Materials provided:
<<<<
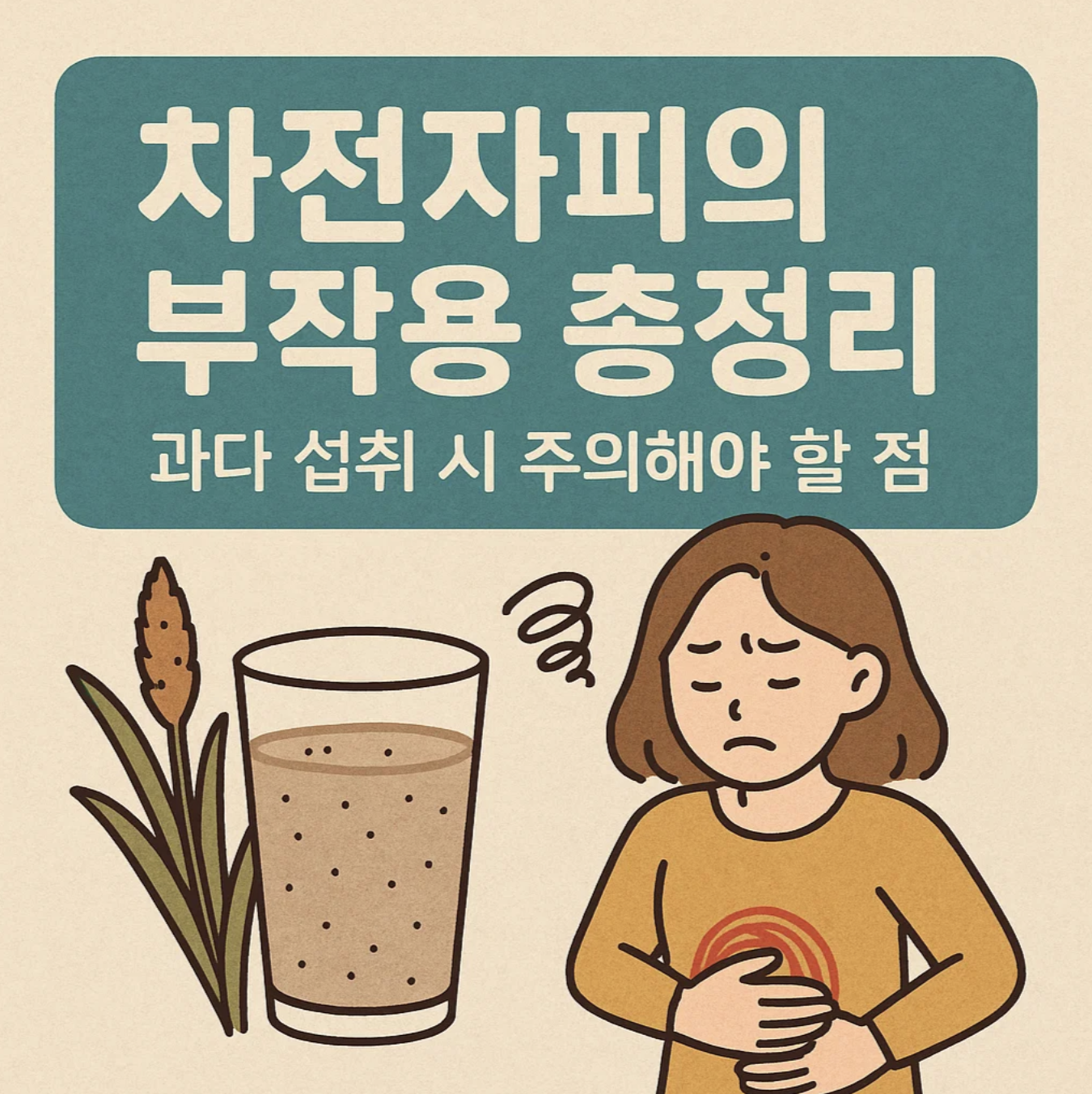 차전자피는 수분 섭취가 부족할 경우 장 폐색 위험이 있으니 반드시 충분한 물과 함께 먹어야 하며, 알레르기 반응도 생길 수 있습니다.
>>>>
<<<<
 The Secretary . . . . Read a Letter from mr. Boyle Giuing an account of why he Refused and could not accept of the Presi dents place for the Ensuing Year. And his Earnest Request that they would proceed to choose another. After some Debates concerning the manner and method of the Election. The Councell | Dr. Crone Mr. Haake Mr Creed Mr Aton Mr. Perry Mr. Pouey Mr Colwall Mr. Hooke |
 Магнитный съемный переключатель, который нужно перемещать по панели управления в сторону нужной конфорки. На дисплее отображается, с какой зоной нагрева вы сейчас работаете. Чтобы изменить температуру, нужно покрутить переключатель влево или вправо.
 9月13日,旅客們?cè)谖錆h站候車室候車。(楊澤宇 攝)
>>>>
Within the material above, copy exactly the lines from the line that holds "Магнитный съемный переключатель, который" up to and including the line that holds "9月13日,旅客們?cè)谖錆h站候車室候車。(楊澤宇 攝)".

Written response:
 Магнитный съемный переключатель, который нужно перемещать по панели управления в сторону нужной конфорки. На дисплее отображается, с какой зоной нагрева вы сейчас работаете. Чтобы изменить температуру, нужно покрутить переключатель влево или вправо.
 9月13日,旅客們?cè)谖錆h站候車室候車。(楊澤宇 攝)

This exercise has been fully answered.